Gdy portugalski selekcjoner zapoznał się z ubiegłorocznymi popisami kadry, wstępna refleksja brzmiała: Grzegorz Krychowiak spowalnia grę w środku pola, niewykluczone, że będzie trzeba rozpocząć proces wygaszania go. Nie całkowitego pomijania przy powołaniach, ale stopniowego ograniczania roli lidera środka pola.

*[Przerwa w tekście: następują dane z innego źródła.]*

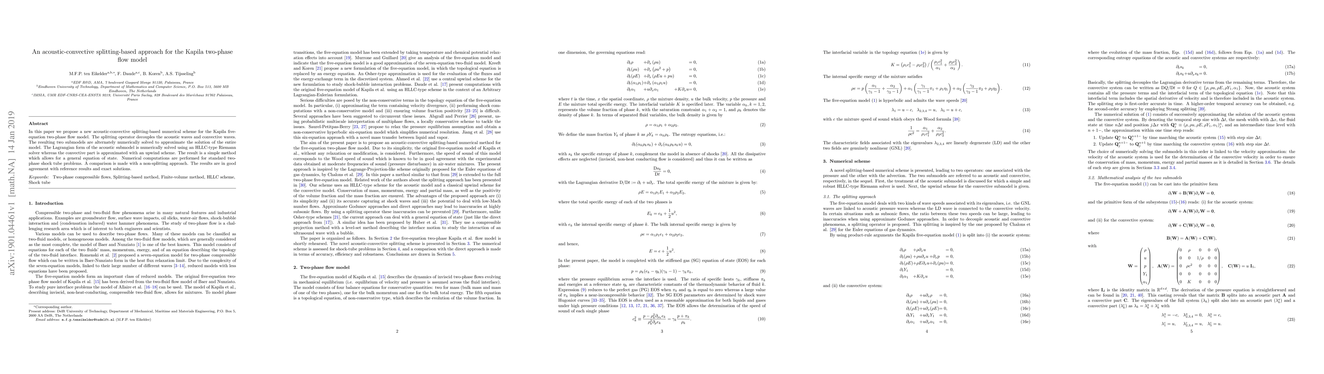 This paper introduces a novel acoustic-convective splitting method for the Kapila two-phase flow model, decoupling acoustic and convective waves. The approach, validated through shock tube tests, offers a simpler solution with general equation of state applicability, showing good agreement with reference results.

I co? 31-letni piłkarz Lokomotiwu Moskwa jako jedyny obok bramkarza Wojciecha Szczęsnego przebywał na murawie przez pełne 270 minut zmagań z Węgrami, Andorą (3:0) oraz Anglią. Na drugą linię reprezentacji zwaliła się istna klęska żywiołowa – kontuzje Krystiana Bielika i Jacka Góralskiego, zakażenie koronawirusem Mateusza Klicha – więc liczba dostępnych opcji raptownie zmalała. Co więcej, Krychowiak, choć popełniał błędy, dał radę. Zwłaszcza na Wembley wyglądał na jednego z nielicznych w kadrze graczy wystarczająco zdecydowanych i obytych z dużym futbolem, by bić się na całego z gwiazdami Premier League. Umiał wytrzymać nawet obwieszony dwójką rywali.